The brand launched a new fragrance every year for the next three years. The four fragrances are now part of the Love Notes collection, a range perfumes dedicated to Ganson’s daughter.

“It's called My Daughter Fragrances because it's a universal phrase that transcends religion, race, culture. When women see it, they can identify with it and understand exactly what it means. It's very emotional and powerful,” ​explained Ganson.

The brand manufactures in Grasse, France with locally sourced raw materials and packages the products in Canada.

“The concentrate is manufactured in Grasse. All the raw materials come from Grasse.

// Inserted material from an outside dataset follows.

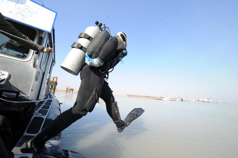 | Keywords: US Navy 110124-N-6705S-185 Chief Navy Diver Josh Ploman, assigned to Mobile Diving and Salvage Unit (MDSU) 2, enters the water during a training di.jpg en UMM QASR Iraq Jan 24 2011 Chief Navy Diver Josh Ploman assigned to Mobile Diving and Salvage Unit MDSU 2 enters the water during a training dive with Iraqi divers at the Pier of Umm Qsar MDSU-2 is deployed with Commander Task Group 56 1 supporting maritime security operations and theater security cooperation efforts in the U S 5th Fleet area of responsibility U S Navy photo by Mass Communication Specialist 2nd Class Justin Stumberg/Released 2011-01-24 110124-N-6705S-185 Navy http //www navy mil/view_image asp id 97533 U S Navy photo by Mass Communication Specialist 2nd Class Justin Stumberg PD-USGov-Military-Navy Images from US Navy location Umm Qasr Iraq Giant stride water entries |

We have a lab there to make sure we are compliant with the IFRA Standards and meeting all the regulations. Then we do all the blending, curing, filtering and bottling in Canada,” ​said Ganson.

5 – Shiseido reports ‘resilient’ FY19 performance despite challenges and uncertainties in the market

The Shiseido Company saw net sales and operating profit increase by 5.7% and 5.1% respectively due to the strong momentum in Travel Retail, China and EMEA, its full-year 2019 figures reveal​.

The Japanese firm noted that it had been a challenging year due to the consumption tax hike in Japan, the tough market environment in Hong Kong and the weak performance in Europe and the Americas.

Despite the obstacles the company said its growth remained firm overall and managed to hit record-high sales, operating profit and net profit.

Shiseido’s travel retail segment was the top performer, growing 19.4%.

The company credited the growth to its expansions into new markets, the introduction of brands and its vigorous promotion and advertising activities in airports around the world.

This resulted in growth in sales of SHISEIDO, Clé de Peau Beauté, NARS, and ANESSA, mainly in South Korea, China, Thailand.